:: MATERIAL SHOWN

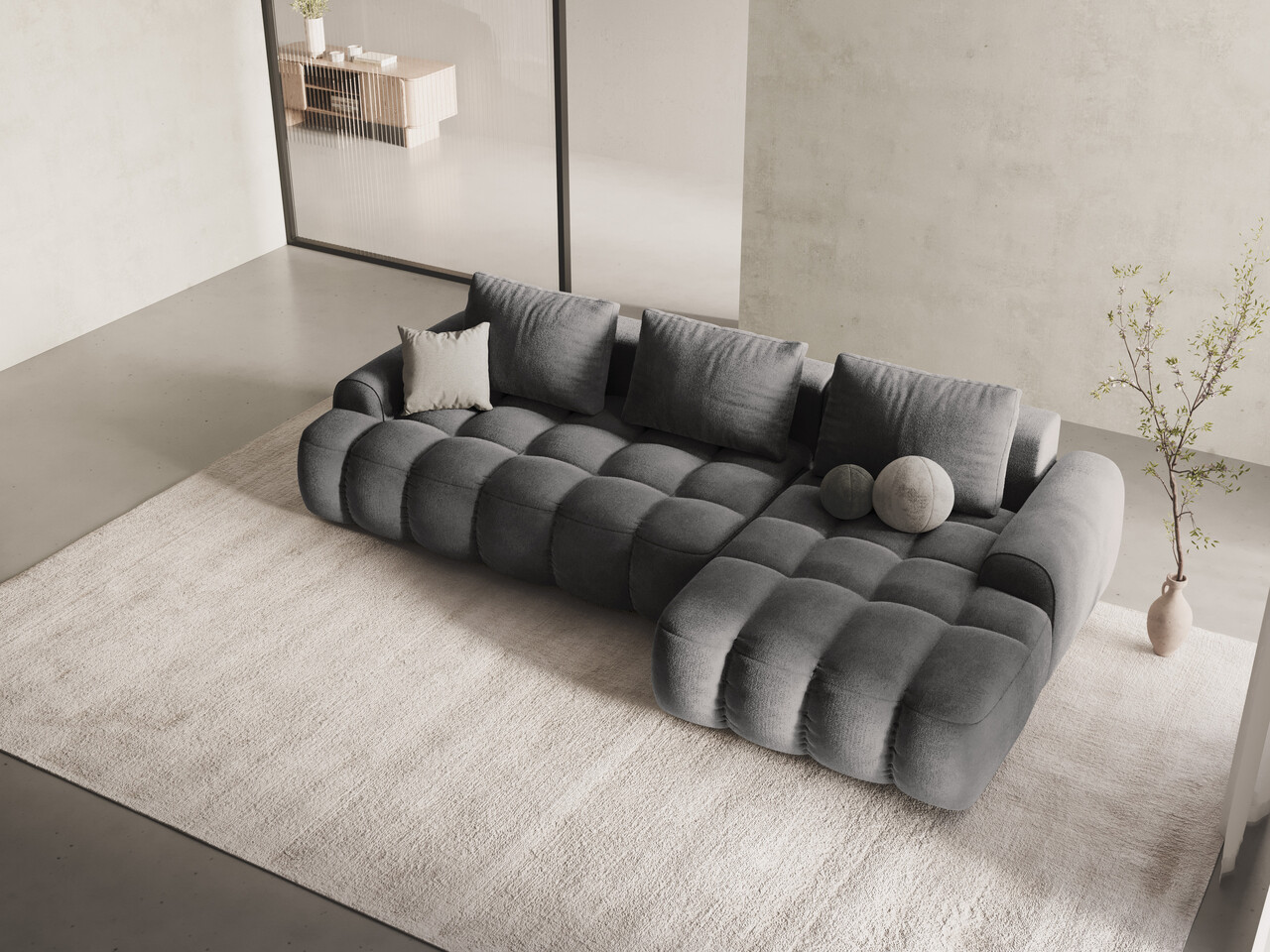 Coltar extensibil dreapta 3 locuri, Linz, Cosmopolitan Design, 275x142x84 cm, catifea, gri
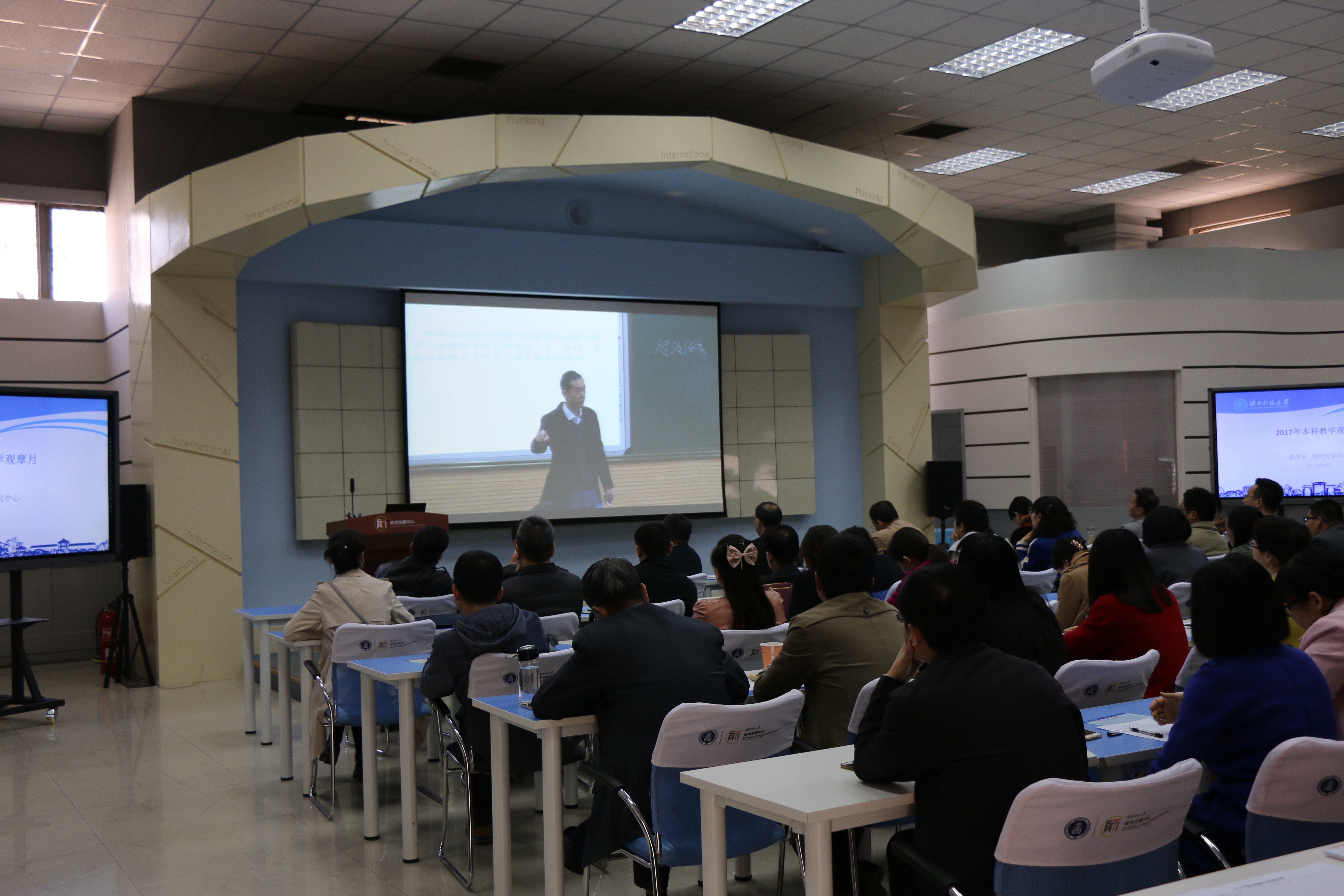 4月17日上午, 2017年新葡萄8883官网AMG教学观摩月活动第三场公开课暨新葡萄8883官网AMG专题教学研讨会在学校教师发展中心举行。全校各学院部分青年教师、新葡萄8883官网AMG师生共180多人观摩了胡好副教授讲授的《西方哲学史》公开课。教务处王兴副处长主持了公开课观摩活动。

::::
:: MATERIAL SHOWN

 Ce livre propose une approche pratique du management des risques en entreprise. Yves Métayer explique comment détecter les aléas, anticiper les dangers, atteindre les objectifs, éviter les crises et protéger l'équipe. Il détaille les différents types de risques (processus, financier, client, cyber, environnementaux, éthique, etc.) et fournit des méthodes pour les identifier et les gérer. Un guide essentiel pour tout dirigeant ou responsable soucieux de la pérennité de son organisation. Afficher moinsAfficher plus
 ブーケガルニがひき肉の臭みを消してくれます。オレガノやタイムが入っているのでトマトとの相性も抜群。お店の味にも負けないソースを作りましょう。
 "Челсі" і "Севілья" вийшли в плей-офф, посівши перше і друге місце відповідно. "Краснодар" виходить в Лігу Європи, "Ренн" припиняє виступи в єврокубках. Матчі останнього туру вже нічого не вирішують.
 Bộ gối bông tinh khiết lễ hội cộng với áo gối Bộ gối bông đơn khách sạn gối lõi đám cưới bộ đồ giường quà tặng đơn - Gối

::::
:: MATERIAL SHOWN

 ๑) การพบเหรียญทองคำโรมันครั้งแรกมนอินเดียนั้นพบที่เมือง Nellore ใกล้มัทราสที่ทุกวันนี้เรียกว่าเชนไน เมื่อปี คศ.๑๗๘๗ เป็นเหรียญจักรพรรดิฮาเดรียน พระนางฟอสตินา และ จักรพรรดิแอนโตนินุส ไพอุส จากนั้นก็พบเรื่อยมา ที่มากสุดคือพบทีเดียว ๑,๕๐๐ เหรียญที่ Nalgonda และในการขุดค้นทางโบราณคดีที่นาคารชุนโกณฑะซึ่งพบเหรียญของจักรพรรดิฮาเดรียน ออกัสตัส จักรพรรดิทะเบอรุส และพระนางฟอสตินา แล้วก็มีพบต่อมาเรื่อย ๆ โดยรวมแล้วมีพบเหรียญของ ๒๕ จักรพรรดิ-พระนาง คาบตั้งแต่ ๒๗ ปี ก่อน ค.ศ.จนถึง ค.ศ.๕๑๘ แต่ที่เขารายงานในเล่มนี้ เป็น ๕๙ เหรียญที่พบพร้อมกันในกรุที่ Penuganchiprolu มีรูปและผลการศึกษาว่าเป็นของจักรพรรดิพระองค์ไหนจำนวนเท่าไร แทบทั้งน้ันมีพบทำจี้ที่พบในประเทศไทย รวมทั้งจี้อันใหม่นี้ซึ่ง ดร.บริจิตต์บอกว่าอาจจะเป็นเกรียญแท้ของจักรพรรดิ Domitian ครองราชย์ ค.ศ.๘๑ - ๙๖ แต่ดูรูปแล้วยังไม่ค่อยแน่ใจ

::::

GOAL OF THE EXERCISE — Using the entries above, transcribe exactly from the line that has "Coltar extensibil dreapta" through the line that has "4月17日上午, 2017年". Pictures are dropped.

RESPONSE FOR THIS EXERCISE —
 Coltar extensibil dreapta 3 locuri, Linz, Cosmopolitan Design, 275x142x84 cm, catifea, gri
 4月17日上午, 2017年新葡萄8883官网AMG教学观摩月活动第三场公开课暨新葡萄8883官网AMG专题教学研讨会在学校教师发展中心举行。全校各学院部分青年教师、新葡萄8883官网AMG师生共180多人观摩了胡好副教授讲授的《西方哲学史》公开课。教务处王兴副处长主持了公开课观摩活动。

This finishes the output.